▶ What you need to do:
Line by line, repeat the material below exactly and leave the images out.
--- START ---
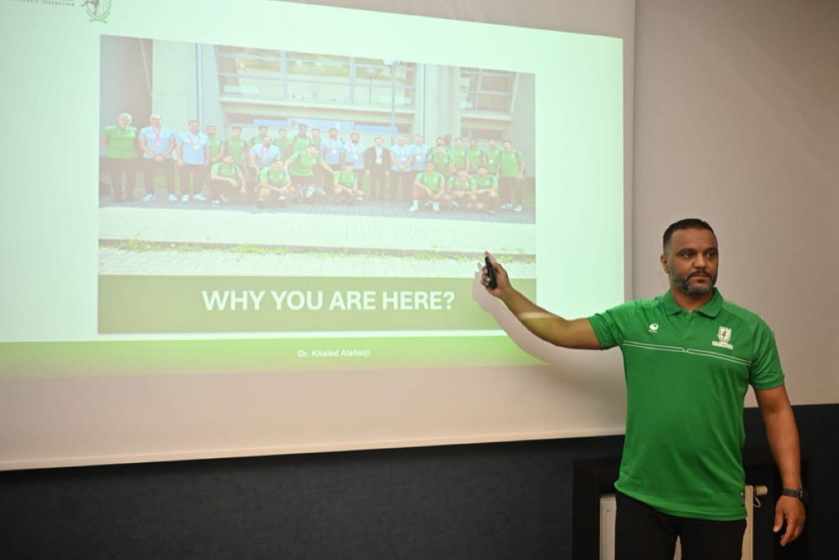 وتناول مدير الأداء العالي في الاتحاد والمحاضر الدولي، الدكتور خالد الشرجي، مفاهيم متقدمة في ”التهيئة الذهنية والجاهزية النفسية في البطولات الكبرى“، بحضور رئيس الاتحاد حسن هلال، وعضو مجلس الإدارة نور الزاير، إلى جانب الجهاز الإداري للمنتخب.
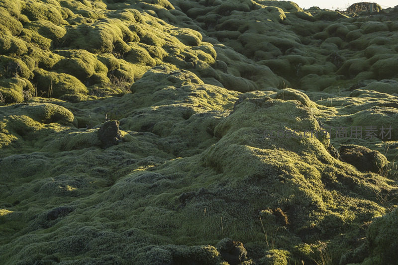 连绵苔藓丘陵在夕阳下泛着金绿光泽
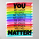 DU MATTER! En underbar poster att sitta i en skolrådgivare, barnterapeut eller barnpsykolog för att påminna barnen om att de spelar roll! En väldigt söt poster att dekorera klassrummet eller kontoret med! Har en ljus, roligt och glad regnbåge i färg. Objektet har vattenfärgsbakgrund.
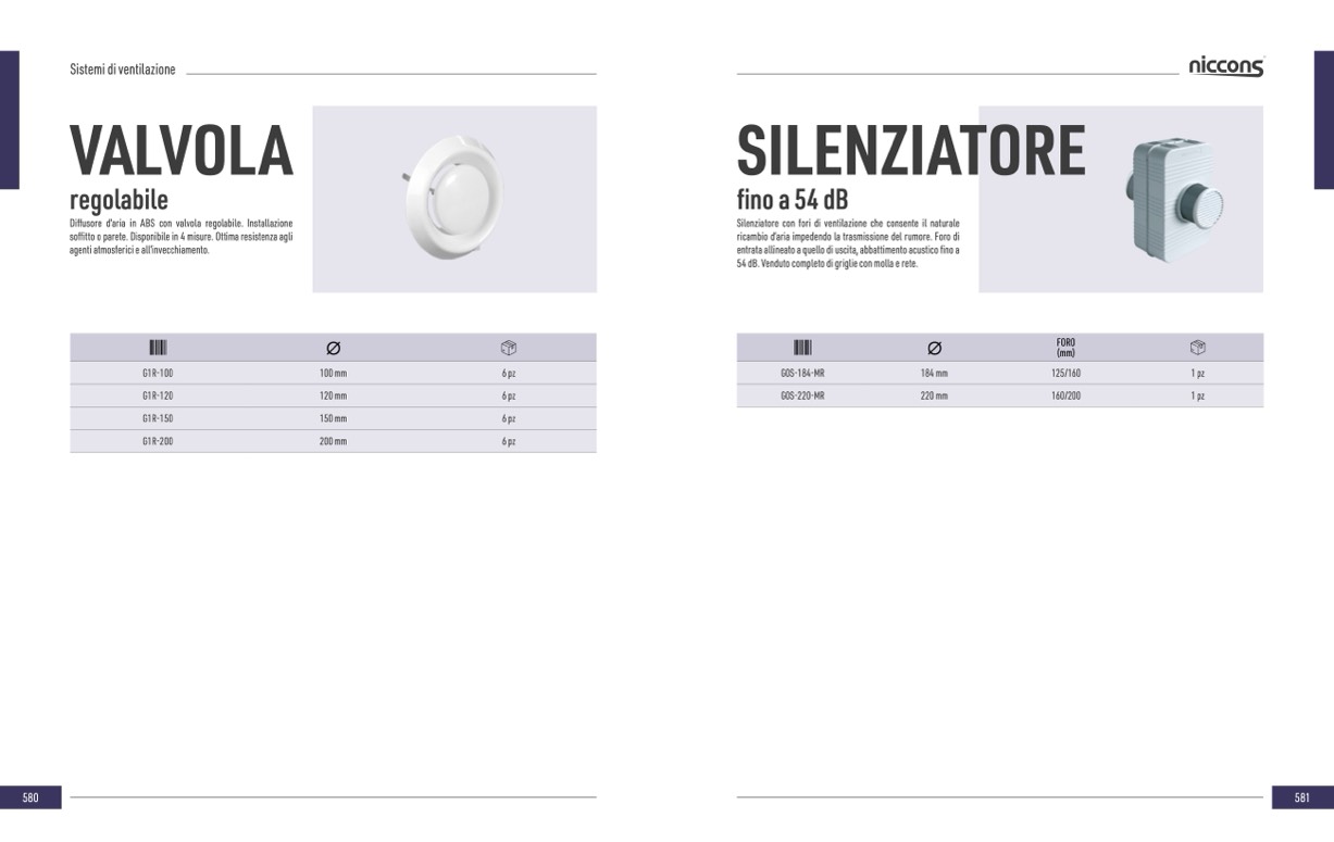 Diffusore d’aria in ABS con valvola regolabile. Installazione
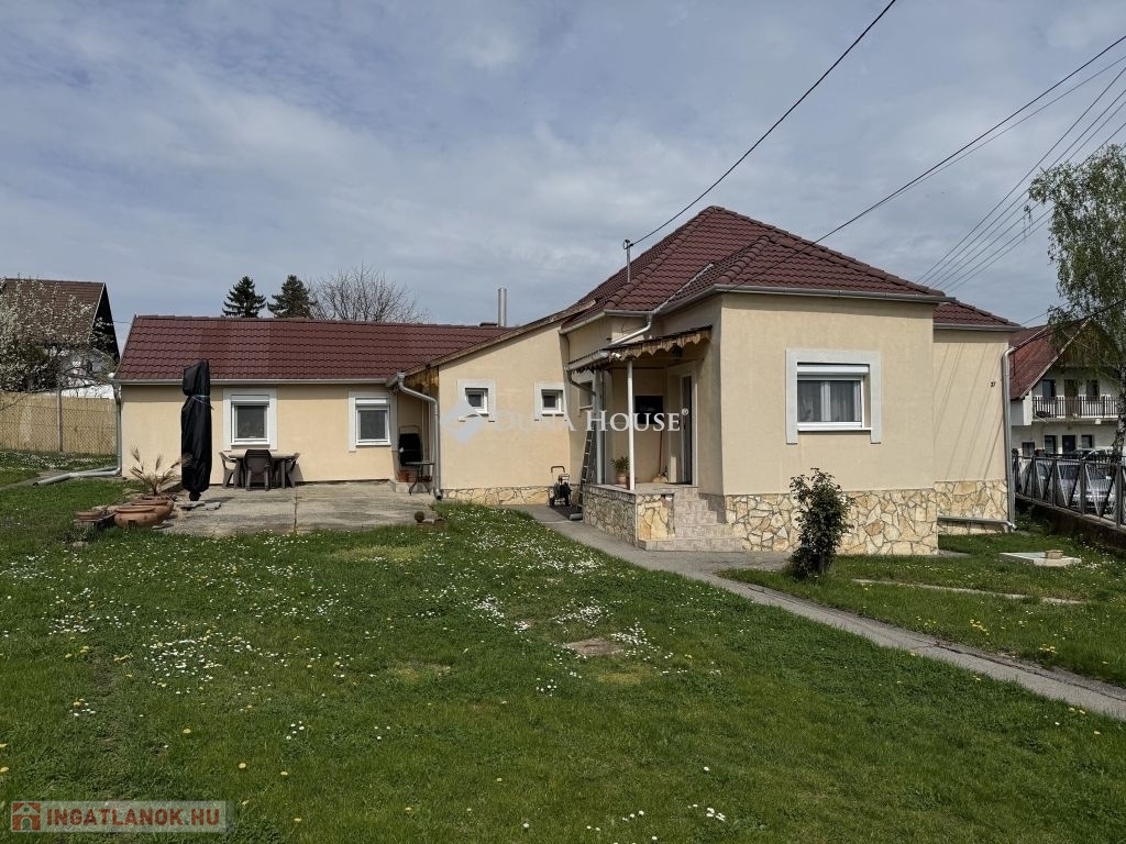 Eladó Pécsett családi házas övezetében, a Szabó István utcában egy 112 m2 alapterületű, nappali +2 szobás, 2 fürdőszobás, 1 448 m2-es telken fekvő családi ház!A telken egy 20 m²-es garázs, valamint egy 10 m²-es melléképület is helyet kapott.A ház az 1960-as években épült. Az ingatlan az elmúlt években jelentős felújításokon esett át: 2017-ben megújultak a vizesblokkok, a villanyhálózat, a burkolatok, míg 2024/25-ben a teljes nyílászáró csere megtörtént, korszerű, hőszigetelt műanyag ablakokkal, redőnnyel és szúnyoghálóval. A fűtést gázkazán biztosítja, a nappaliban egy még garanciális Fisher inverteres klíma található.Az ingatlan ideális választás lehet családok számára a tágas élettér és a nagy telek miatt.További információért vagy megtekíntésért hívjon!
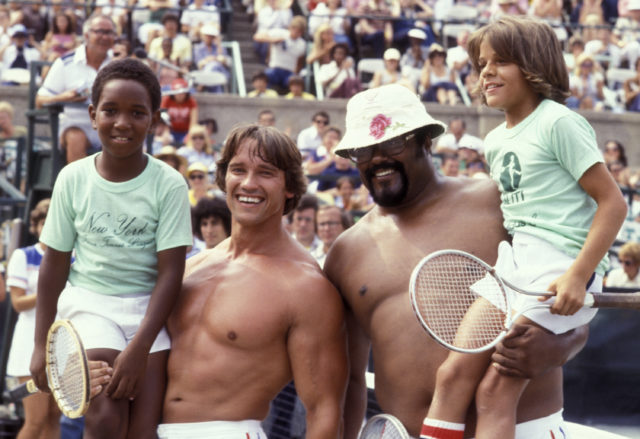 Arnold Schwarzenegger and Rosey Grier attend Sixth Annual Robert F. Kennedy Celebrity Tennis Tournament on August 27, 1977. (Photo Credit: Ron Galella / Ron Galella Collection / Getty Images)
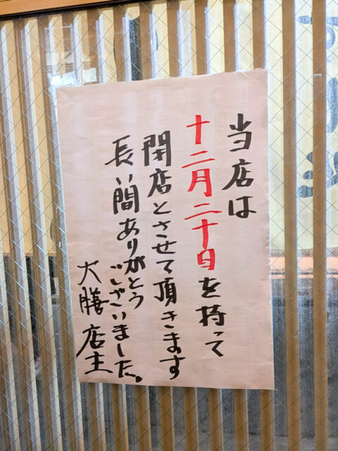 店頭には閉店を案内する張り紙が確認できています。
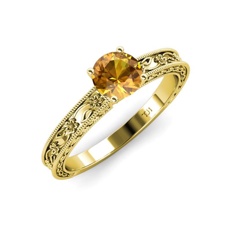 Round Citrine Floral Engraved Milgrain Womens Solitaire Engagement Ring 0.87 ct 14K Yellow Gold More Details ...
--- END ---
▶ Written answer:
 وتناول مدير الأداء العالي في الاتحاد والمحاضر الدولي، الدكتور خالد الشرجي، مفاهيم متقدمة في ”التهيئة الذهنية والجاهزية النفسية في البطولات الكبرى“، بحضور رئيس الاتحاد حسن هلال، وعضو مجلس الإدارة نور الزاير، إلى جانب الجهاز الإداري للمنتخب.
 连绵苔藓丘陵在夕阳下泛着金绿光泽
 DU MATTER! En underbar poster att sitta i en skolrådgivare, barnterapeut eller barnpsykolog för att påminna barnen om att de spelar roll! En väldigt söt poster att dekorera klassrummet eller kontoret med! Har en ljus, roligt och glad regnbåge i färg. Objektet har vattenfärgsbakgrund.
 Diffusore d’aria in ABS con valvola regolabile. Installazione
 Eladó Pécsett családi házas övezetében, a Szabó István utcában egy 112 m2 alapterületű, nappali +2 szobás, 2 fürdőszobás, 1 448 m2-es telken fekvő családi ház!A telken egy 20 m²-es garázs, valamint egy 10 m²-es melléképület is helyet kapott.A ház az 1960-as években épült. Az ingatlan az elmúlt években jelentős felújításokon esett át: 2017-ben megújultak a vizesblokkok, a villanyhálózat, a burkolatok, míg 2024/25-ben a teljes nyílászáró csere megtörtént, korszerű, hőszigetelt műanyag ablakokkal, redőnnyel és szúnyoghálóval. A fűtést gázkazán biztosítja, a nappaliban egy még garanciális Fisher inverteres klíma található.Az ingatlan ideális választás lehet családok számára a tágas élettér és a nagy telek miatt.További információért vagy megtekíntésért hívjon!
 Arnold Schwarzenegger and Rosey Grier attend Sixth Annual Robert F. Kennedy Celebrity Tennis Tournament on August 27, 1977. (Photo Credit: Ron Galella / Ron Galella Collection / Getty Images)
 店頭には閉店を案内する張り紙が確認できています。
 Round Citrine Floral Engraved Milgrain Womens Solitaire Engagement Ring 0.87 ct 14K Yellow Gold More Details ...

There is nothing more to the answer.